▶ [Task brief]: Could you give the listing again exactly, without its pictures?

▶ [Recorded data]:
——

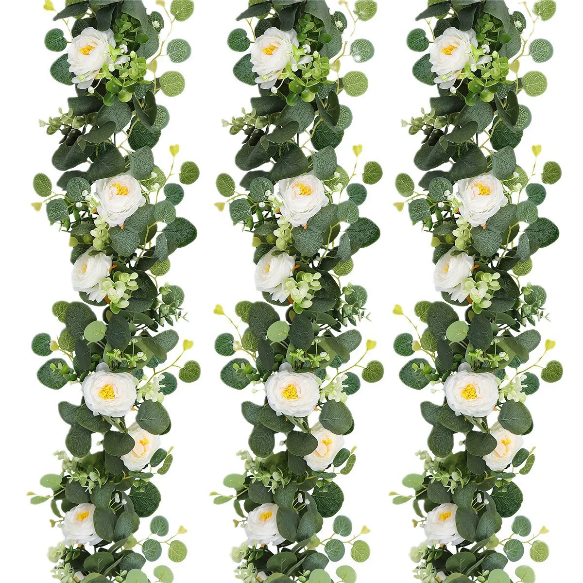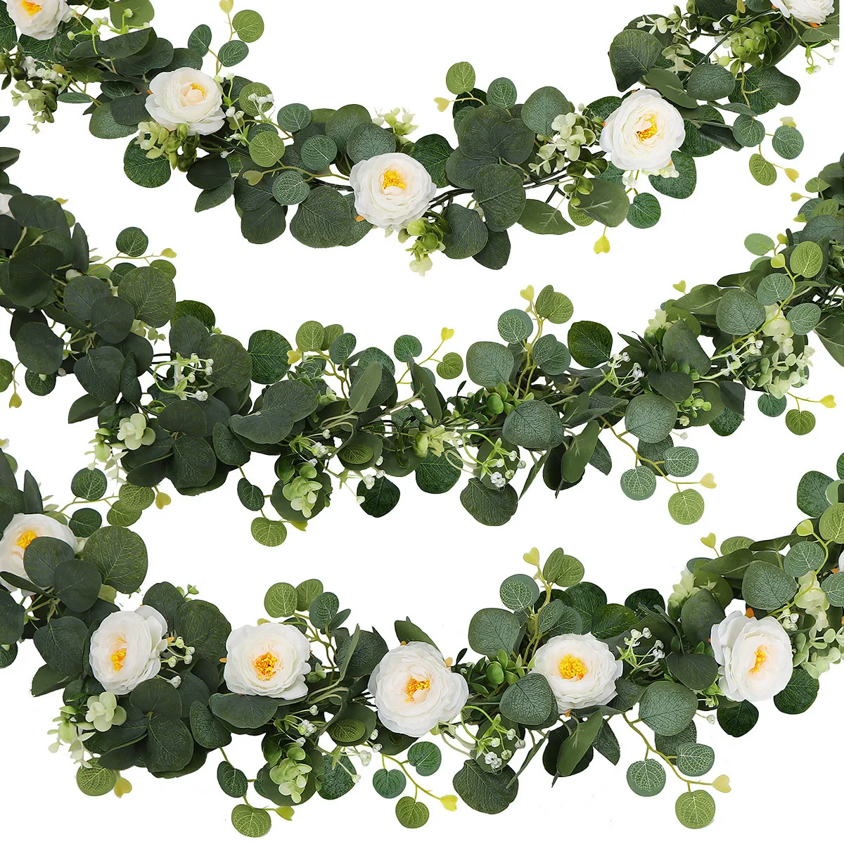 Lush 70.8" Faux Eucalyptus Garland with White Flowers - Perfect for Home & Holiday Decor, Wall Hanging, Yard, and Party Accents
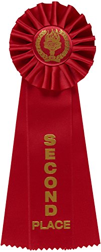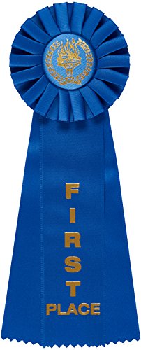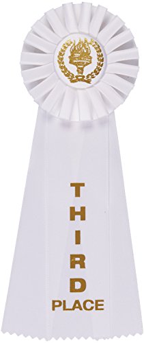 Set Includes 3 rosette victory award ribbons 1st, 2nd, and 3rd places with the appropriate colors of Blue red and White -3 pack.
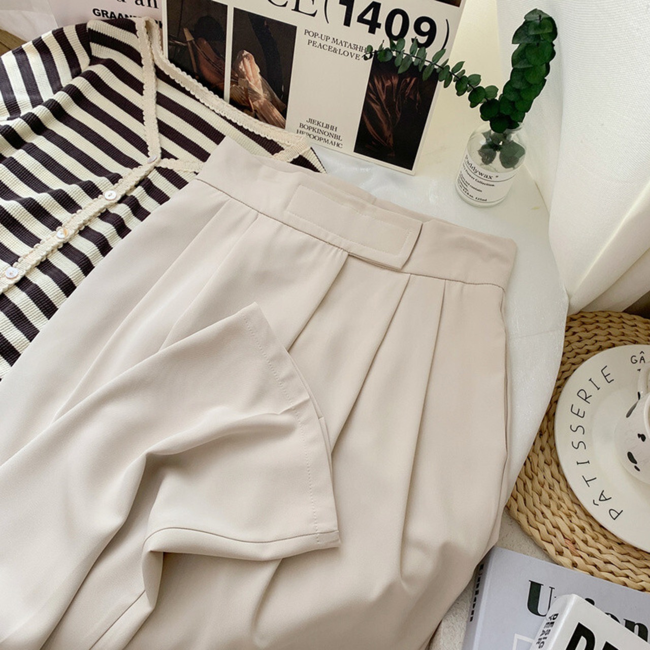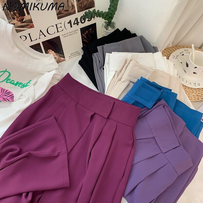 のみくまウエストウーマンスーツパンツ2022サマーロングパンツカジュアルスタイルワイドレッグパンツパンタロンズデ 夏物 ワイドパンツ kor55149927119

——

▶ [Exercise response]:
 Lush 70.8" Faux Eucalyptus Garland with White Flowers - Perfect for Home & Holiday Decor, Wall Hanging, Yard, and Party Accents
 Set Includes 3 rosette victory award ribbons 1st, 2nd, and 3rd places with the appropriate colors of Blue red and White -3 pack.
 のみくまウエストウーマンスーツパンツ2022サマーロングパンツカジュアルスタイルワイドレッグパンツパンタロンズデ 夏物 ワイドパンツ kor55149927119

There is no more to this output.